Singapore Immunology Network (SIgN), Agency for Science, Technology and Research (A*STAR), 8A Biomedical Grove, Immunos Building, Level 3, Singapore 138648, Singapore.
Shanghai Institute of Immunology, Shanghai JiaoTong University School of Medicine, Shanghai 200025, China.
Nucleic Acids Res. 2022 Jan 7;50(D1):D596-D602. doi: 10.1093/nar/gkab1020.
The ability to study cellular heterogeneity at single cell resolution is making single-cell sequencing increasingly popular. However, there is no publicly available resource that offers an integrated cell atlas with harmonized metadata that users can integrate new data with. Here, we present DISCO (https://www.immunesinglecell.org/), a database of Deeply Integrated Single-Cell Omics data. The current release of DISCO integrates more than 18 million cells from 4593 samples, covering 107 tissues/cell lines/organoids, 158 diseases, and 20 platforms. We standardized the associated metadata with a controlled vocabulary and ontology system. To allow large scale integration of single-cell data, we developed FastIntegration, a fast and high-capacity version of Seurat Integration. We also developed CELLiD, an atlas guided automatic cell type identification tool. Employing these two tools on the assembled data, we constructed one global atlas and 27 sub-atlases for different tissues, diseases, and cell types. DISCO provides three online tools, namely Online FastIntegration, Online CELLiD, and CellMapper, for users to integrate, annotate, and project uploaded single-cell RNA-seq data onto a selected atlas. Collectively, DISCO is a versatile platform for users to explore published single-cell data and efficiently perform integrated analysis with their own data.

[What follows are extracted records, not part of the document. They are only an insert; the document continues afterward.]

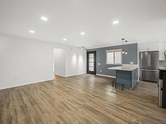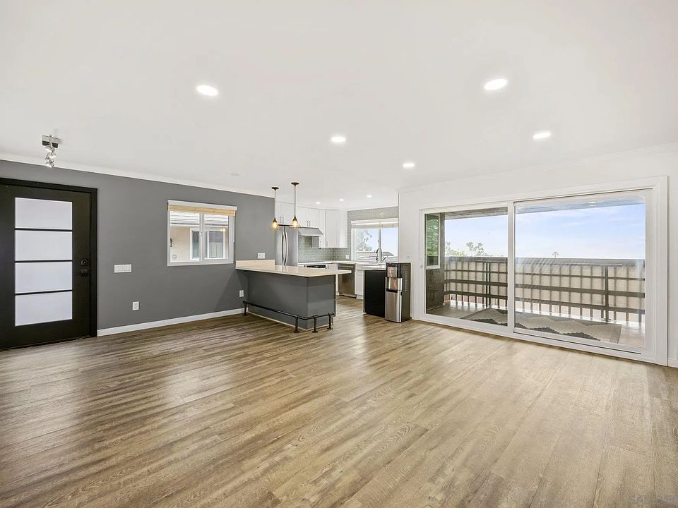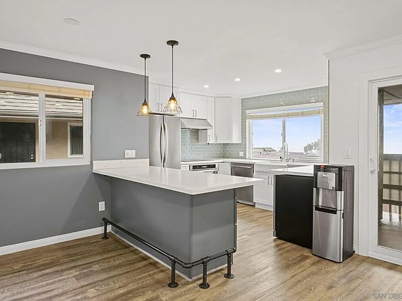 Completely remodeled home. Featuring large open area modern kitchen, dining and living room. Balcony and kitchen enjoy sunset views of SD Mission, Pt Loma and Sea World fireworks. Upgraded appointments include quartz countertops, premium kitchen appliances, marble stone in the master bath and much more. Windows & doors have been replaced and waterproof plank floors installed. The 1st floor permitted garage/storage expansion was converted and adds a room that can be 3rd bedroom, office, den or rec room plus a 1/2 bath. This is a quiet corner unit and less than a minute walk to all the clubhouse amenities. The pool is spacious and heated in the summer. Expansive greenbelt for relaxing or playing. Garage can accessed directly from the home. Both enclosed garage and carport are attached and are equipped with automatic garage door openers. Primary bedroom has access to the rear lawn area. Conveniently close to shopping and dining. Located 10 minutes to the beach and downtown, 5 minutes to major freeways and 15 minutes to the Convoy District with its many Pan-Asian restaurants and markets. Additional features: Built in wine chiller. Reverse Osmosis water filter system installed in kitchen. Refrigerator and separate water cooler included. Built in weight rack in the garage. Spacious laundry area with washer and dryer included. Washlet bidet toilet in the primary bathroom. Electronic Key at entrance. Induction cooktop. ***Added bonus: Solar panels are installed and fully paid off.*** Move in Ready.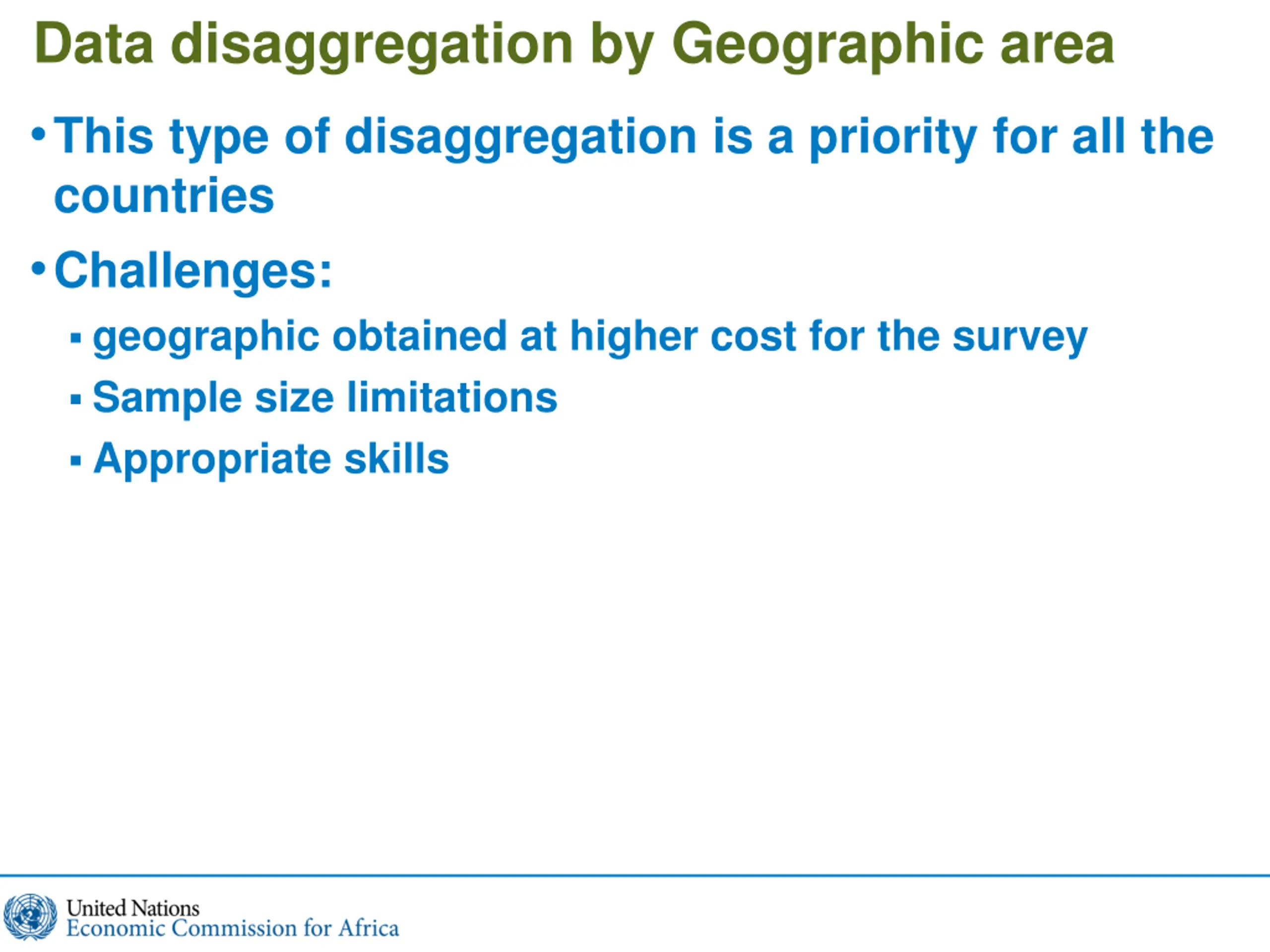Data disaggregation by Geographic area This type of disaggregation is a priority for all the countries Challenges: geographic obtained at higher cost for the survey Sample size limitations Appropriate skills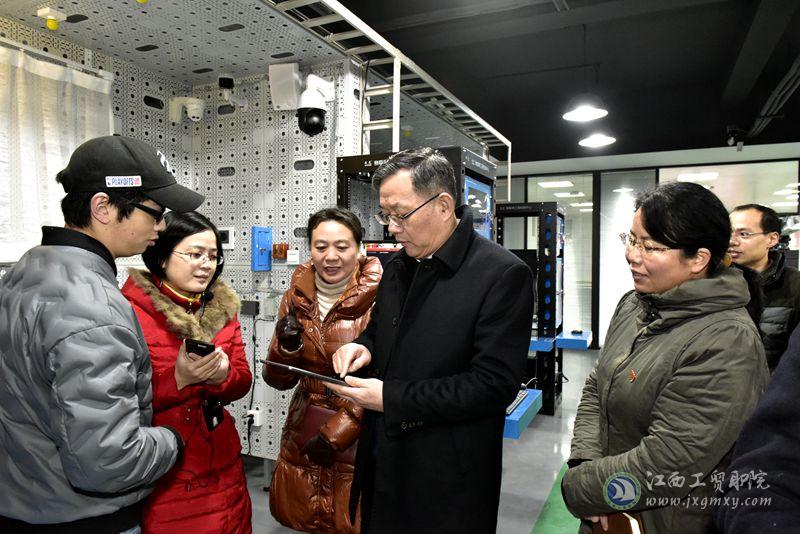 院领导一行首先参观了新建成的物联网现代学徒制实训基地。现代学徒制负责人梁丽老师对场所进行讲解和演示。在听取场所建设情况后,万玉青指出,物联网现代学徒制实训基地是集智能家居、智能楼宇、智慧交通等实训功能于一体的现代化实训场所,该基地的建成对培养物联网领域技术技能型人才有巨大的推动作用,场所设备在学院乃至省内同专业保持了领先的地位。他希望信息工程系以此为契机,用好实训场所在人才培养中的作用,切实提高人才培养的质量。
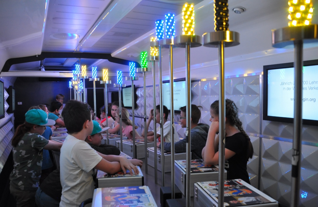 Im SBB Schul- und Erlebniszug des Verkehrshauses Luzern wurden Themen unter dem Motto „Verantwortung“ präsentiert. Inhaltliche Schwerpunkt dieser dreidimensionalen Lernlandschaft sind Förderung der Kompetenzen in Bezug auf den ÖV, Sicherheit, Mobilität, Energie und Berufswahl.
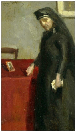 MANLIO MARTINELLI Livorno 1884 – Pisa 1974 Madre di Guerra 1919 Olio su tavola 30 x 16,5. Firma e data in a. a s.; sul verso firma, titolo e data + etichetta “galleria Cocchini, Livorno”. base: A OFFERTA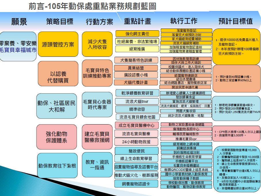 以上圖表,可說是新北市的「動保白皮書」。新北市政府在零棄養、零安樂、貓狗下一站幸福這樣的願景之下,有源頭控管、加強推動認養代替購買、社區和解、強化保護體系、動保教育紮根等5項施政目標,在2016年各有具體的行動方案。
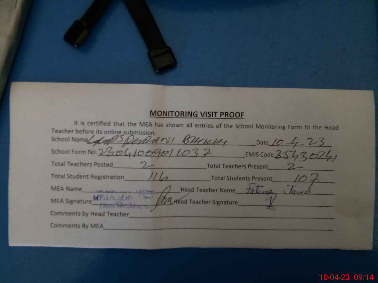 | Attendance Register | Head Teacher | MEA with School | Visit Proof |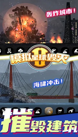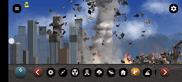 1、趣味多多的真实环境模拟,用自然灾害的力量,毁灭城市各地的建筑;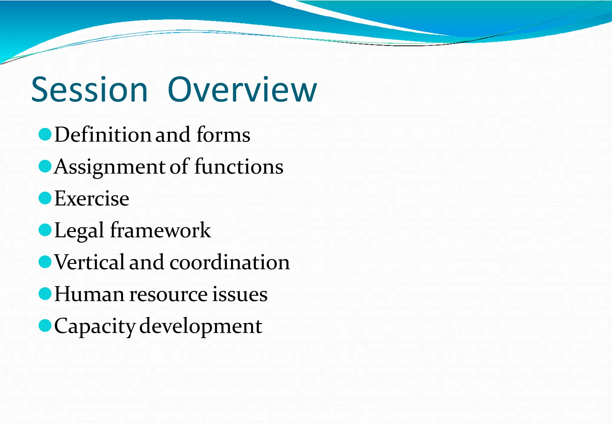 The document discusses the concepts and frameworks surrounding administrative decentralization, emphasizing the transfer of responsibilities from central to local governments while addressing governance structures, legal frameworks, and human resource issues. It outlines forms of decentralization such as deconcentration, delegation, and devolution, alongside principles for assigning public service functions to optimize efficiency and accountability. Challenges of implementation are highlighted, particularly in terms of coordination and capacity development, alongside strategies to promote effective local governance.
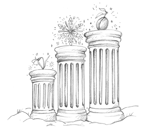 Она вывела их на соседнюю поляну. Снег сверкал под солнцем, словно россыпь драгоценных камней. В самом центре возвышались три ледовые колонны – гладкие и прозрачные, как стекло. На первой колонне покоилась фиолетовая засахаренная слива, на второй – огромная снежинка. Из третьей колонны рос сливочно-белый подснежник с серебряными блёстками на лепестках.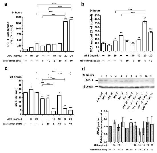 The ROS levels were measured after 24 h (Figure 5a) of the indicated treatment. ROS accumulation increased significantly with the combination treatment, namely 20 mg/mL of APS combined with 5 and 10 mM of metformin. Additionally, MDA levels increased with the treatment of APS, metformin, and their combination after 24 h (Figure 5b). However, the dose-dependent effect was not observed.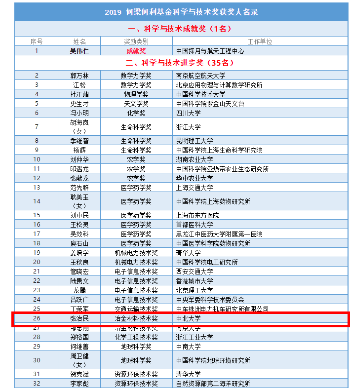 11月18日,何梁何利基金2019年度颁奖大会在京举行。今年,何梁何利基金科学与技术奖的提名数量再创历史高点,共收到推荐材料862份,有效被提名人836人,最终入选率约为15比1。评选委员会严格执行评选章程各项规定,经过科学评价、优中选优、无记名投票表决,评选产生56位获奖人。其中,“科学与技术成就奖”1名、“科学与技术进步奖”35名、“科学与技术创新奖”20名。我院张治民教授荣获“何梁何利基金科学与技术进步奖”。我省今年仅一人荣获该基金奖。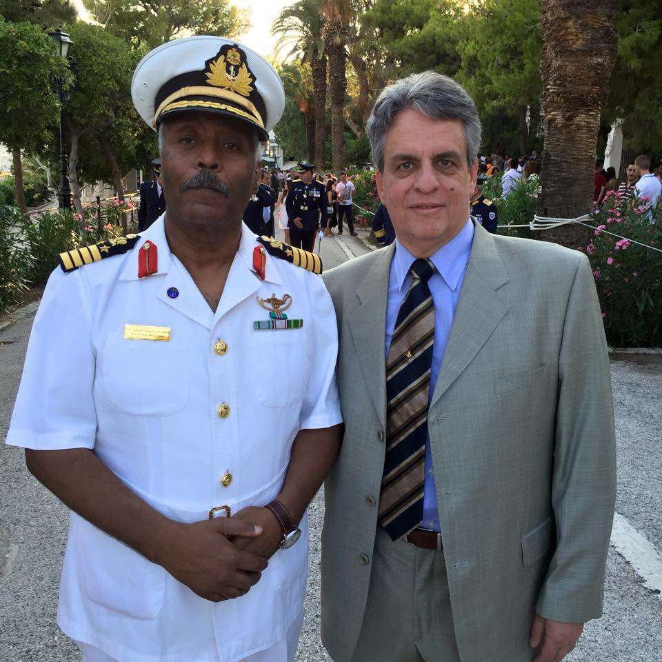 Πίσω του διακρίνεται ο σημερινός πρόεδρος του Πολεμικού Μουσείου Αντιναύαρχος ε.α Αθανάσιος Παναγόπουλος. Οι δυο τους είχαν συναντηθεί πριν από 35 χρόνια στη Σχολή Ναυτικών Δοκίμων.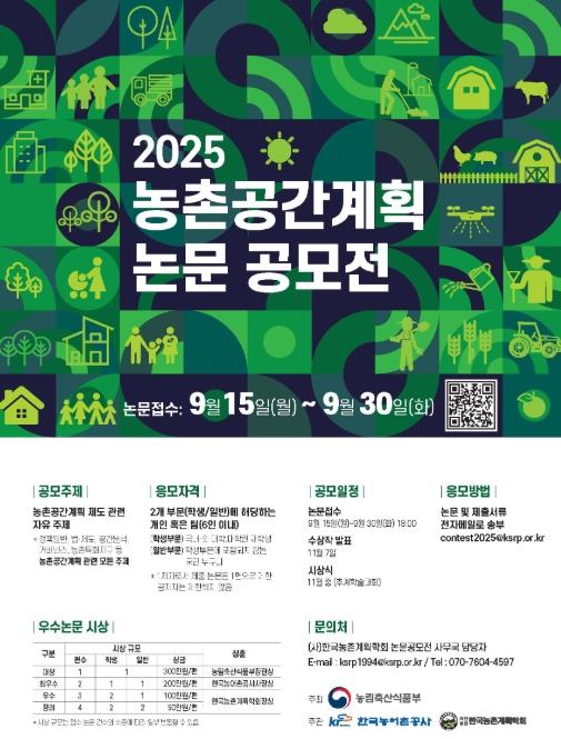 논문은 9월 15일부터 9월 30일 18시까지 (사)한국농촌계획학회 공모전 이메일을 통해 접수하며, 심사 및 공개검증 절차를 거쳐 11월에 총 10편의 수상작을 선정·발표한다.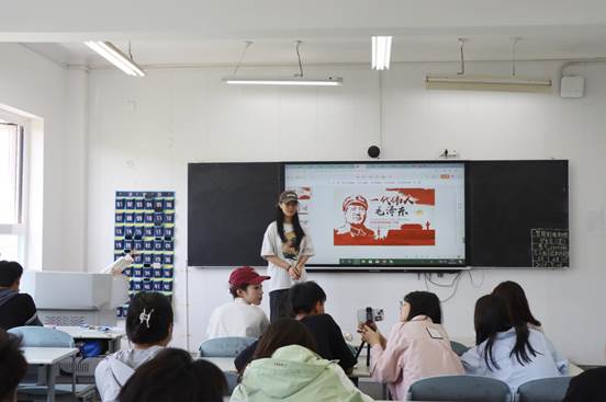 学生以小组为单位,以中国共产党百年奋斗史为主线,以革命先烈、道德楷模和时代楷模等先进人物为研究素材,结合时事热点、历史典故等,通过多媒体课件展示、成员讲解、情景剧扮演等方式在课堂上依次进行实践教学展示。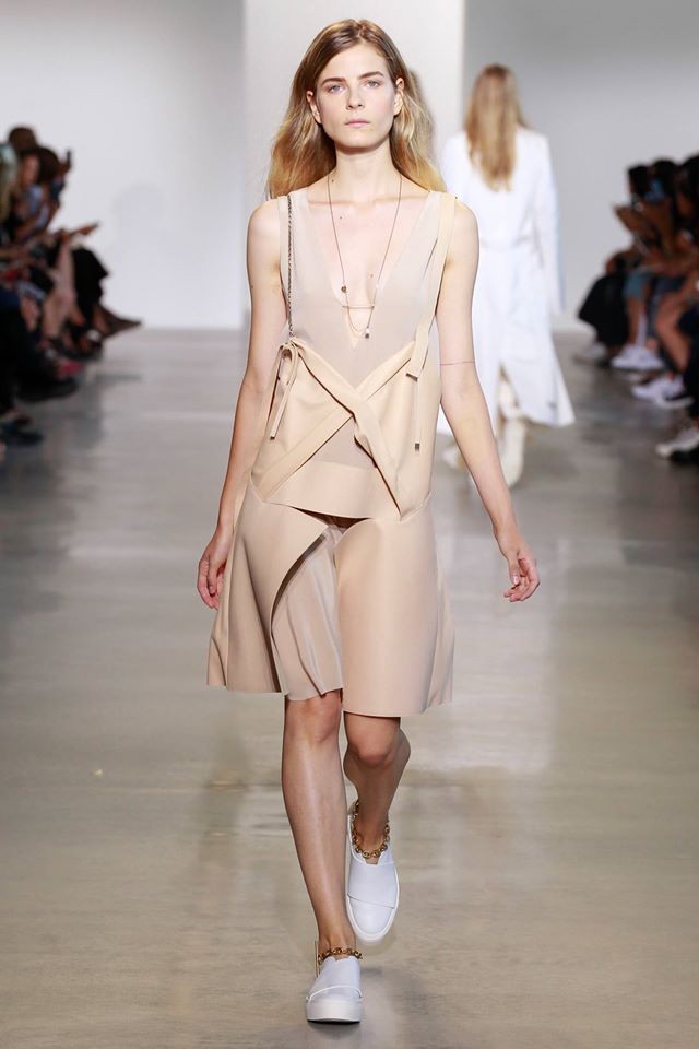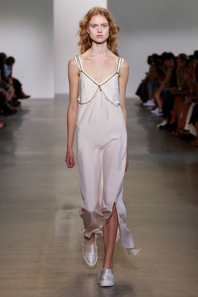 O slip dress foi o grande protagonista da coleção primavera/verão 2016, apresentada na semana da moda de Nova Iorque. Assim o diretor criativo da marca, Francisco Costa, inspirou-se no lado cool dos anos 90 e conjugou os vestidos com ténis.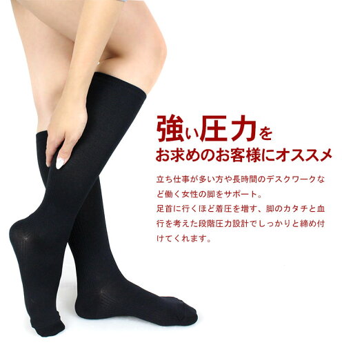商品名 強圧 38cm丈 着圧ハイソックス サイズ 22-25cm カラー 黒 素材 ナイロン(セコテック)、ポリウレタン、ポリエステル モデル 身長162cm 商品説明 【強い圧力をお求めのお客様にオススメ】 立ち仕事が多い方や長時間のデスクワークなど働く女性の脚をサポート。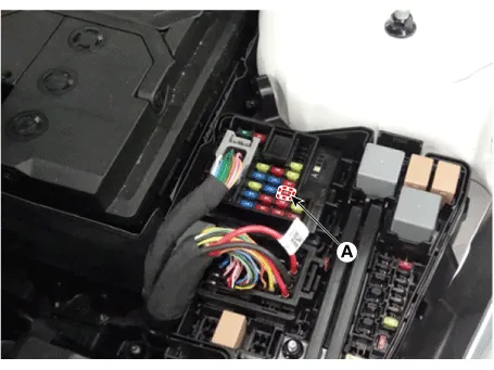 After disconnecting the negative battery terminal, remove the fuel pump fuse (A).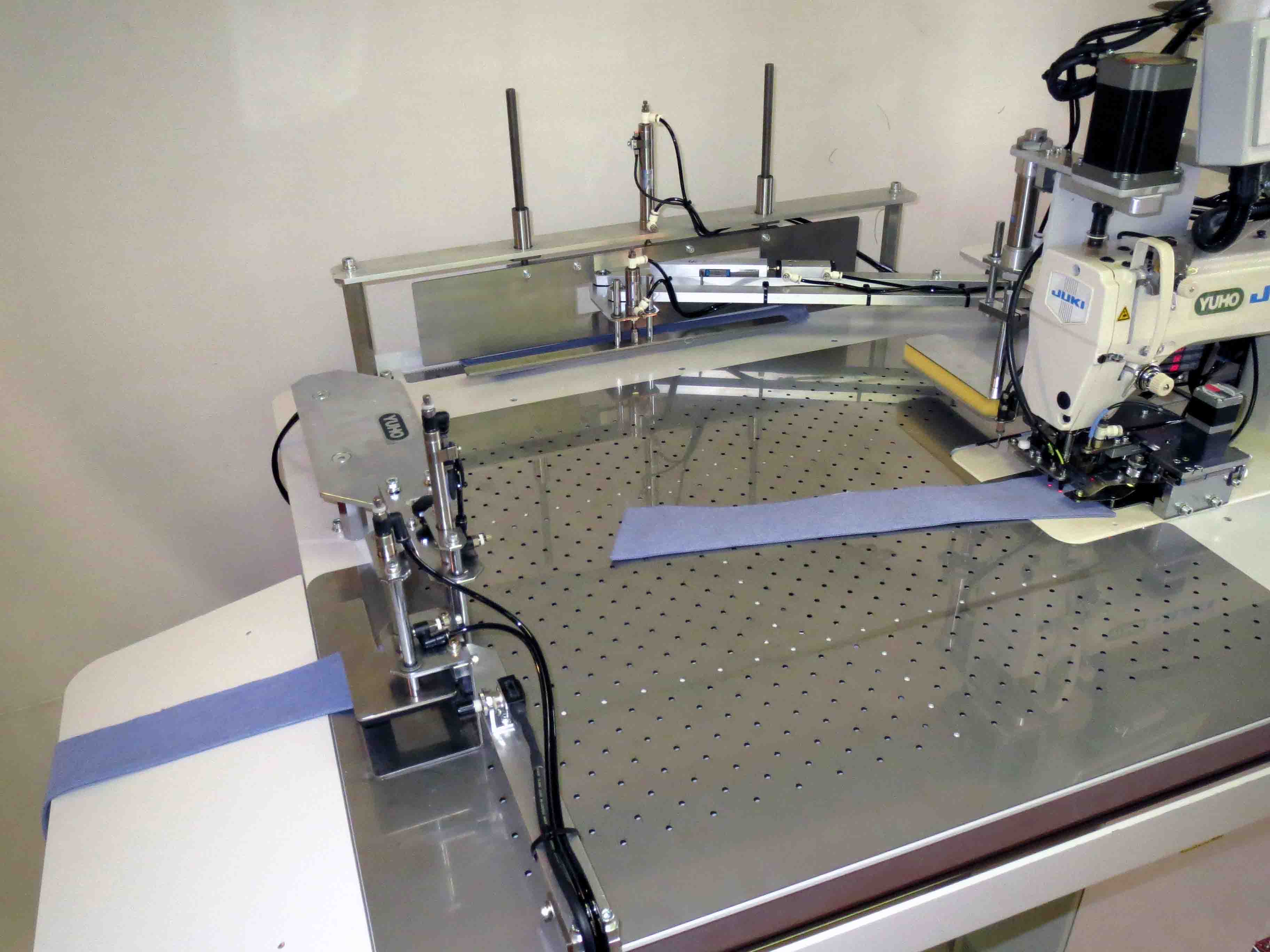 | 主な装置 | ★ フローティングエァーテーブル ★ 液晶タッチパネル採用 ★ セット位置決め保持装置 ★ 定規・停止位置自動設定装置 ★ 衿自動供給装置 ★ 布寄せエッジガイド ★ 送り・回転・寄席の各補助送りエァー ★ テーブルストッパーピン(2ヶ所) ★ コーナー半針縫い装置 ★ 光ファイバーセンサー(3ヶ) ★ パルスモーターによる素材回転装置 ★ スタッカー装置 ★ 糸切れ検知装置(T.B.D) ★ 減算カウンター ★ エァ−ガン |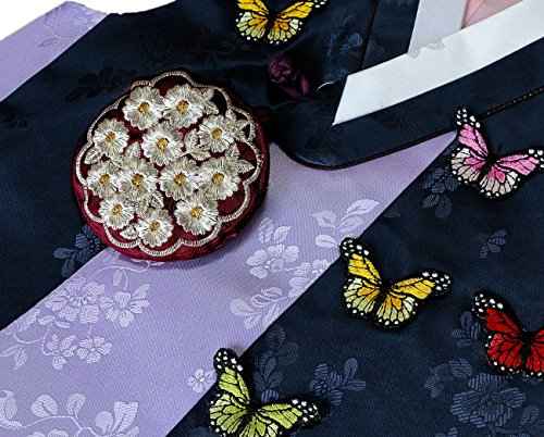 - 流行の長めのベストを組み合わせた素敵なパジチョゴリ。 胸に飾られたポイントの蝶刺繍がお洒落なデザインです。 袖先にセットンを使ったデザインは縁起がよくお客様にも人気です。

单细胞分辨率研究细胞异质性的能力使得单细胞测序越来越受欢迎。然而,目前还没有公开的资源提供集成的细胞图谱,其中包含协调的元数据,用户可以将新数据与之集成。在这里,我们介绍了 DISCO(https://www.immunesinglecell.org/),这是一个深度整合的单细胞组学数据数据库。DISCO 的当前版本整合了来自 4593 个样本的超过 1800 万个细胞,涵盖 107 种组织/细胞系/类器官、158 种疾病和 20 种平台。我们使用受控词汇表和本体系统对相关元数据进行了标准化。为了允许大规模整合单细胞数据,我们开发了 FastIntegration,这是一种快速且大容量的 Seurat 整合版本。我们还开发了 CELLiD,这是一种图谱引导的自动细胞类型识别工具。在组装的数据上使用这两个工具,我们构建了一个全局图谱和 27 个针对不同组织、疾病和细胞类型的子图谱。DISCO 提供了三个在线工具,即 Online FastIntegration、Online CELLiD 和 CellMapper,供用户将上传的单细胞 RNA-seq 数据集成、注释和投射到选定的图谱上。总之,DISCO 是一个多功能平台,供用户探索已发表的单细胞数据,并有效地对自己的数据进行集成分析。